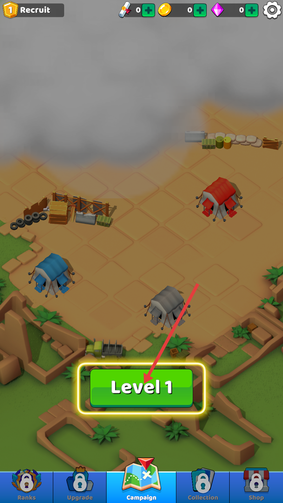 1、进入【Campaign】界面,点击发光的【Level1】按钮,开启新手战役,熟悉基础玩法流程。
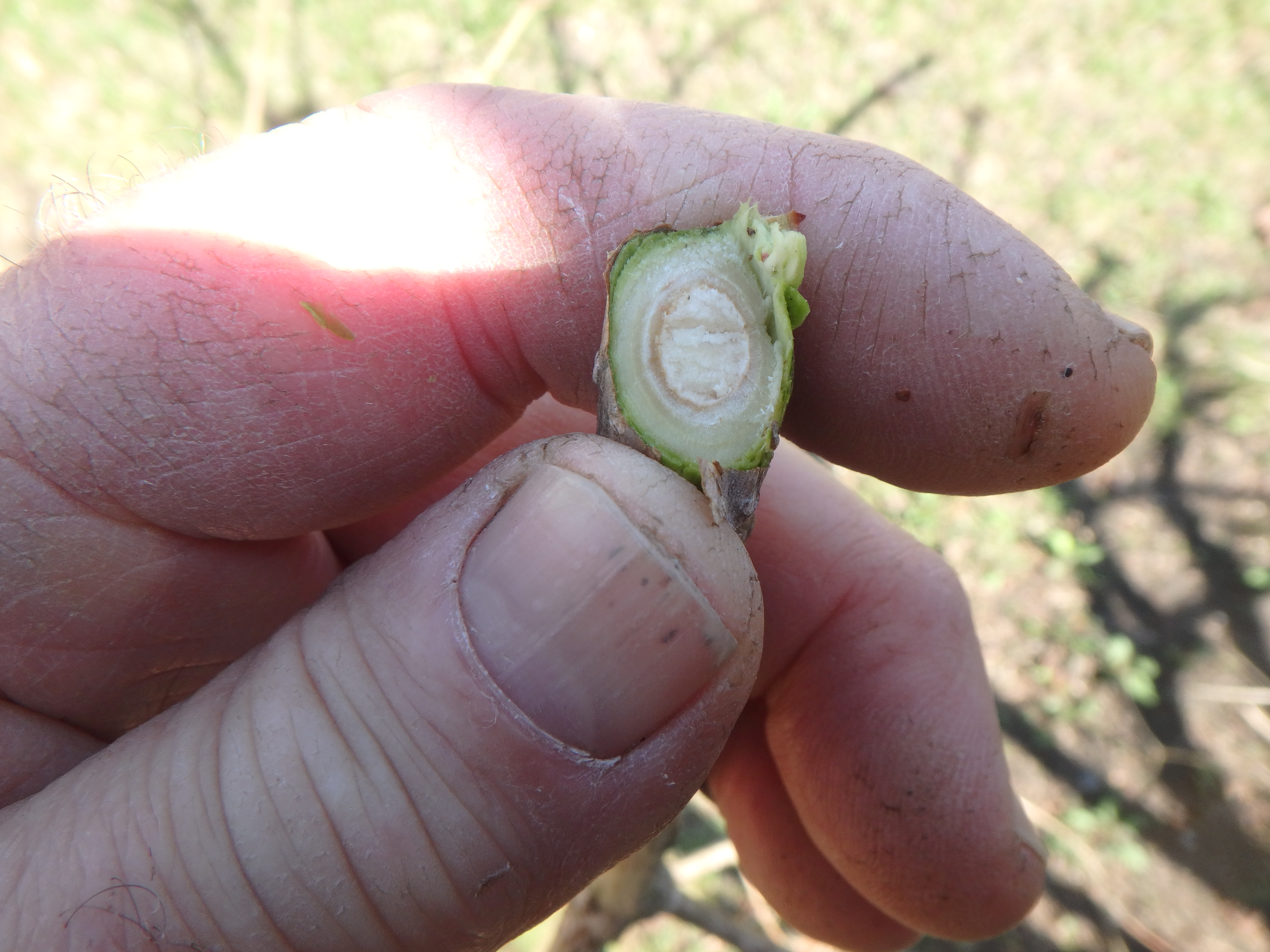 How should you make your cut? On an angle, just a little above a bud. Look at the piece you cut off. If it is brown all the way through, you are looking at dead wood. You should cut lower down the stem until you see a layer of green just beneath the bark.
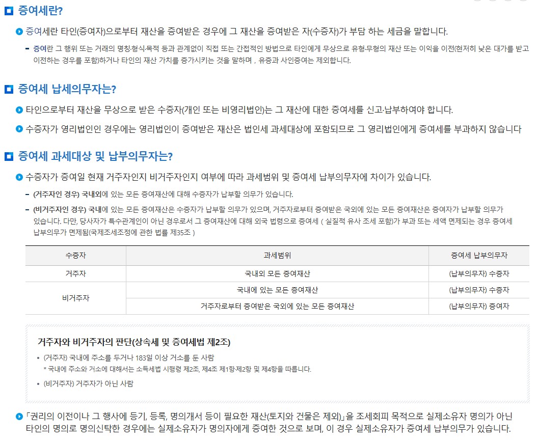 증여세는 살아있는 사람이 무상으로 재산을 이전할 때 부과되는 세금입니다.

* * *

| REQUIRED ACTION |
The lines to repeat run from the line containing "How should you" through the last line of the material above; give them exactly, without the pictures.

| EXPECTED OUTPUT |
 How should you make your cut? On an angle, just a little above a bud. Look at the piece you cut off. If it is brown all the way through, you are looking at dead wood. You should cut lower down the stem until you see a layer of green just beneath the bark.
 증여세는 살아있는 사람이 무상으로 재산을 이전할 때 부과되는 세금입니다.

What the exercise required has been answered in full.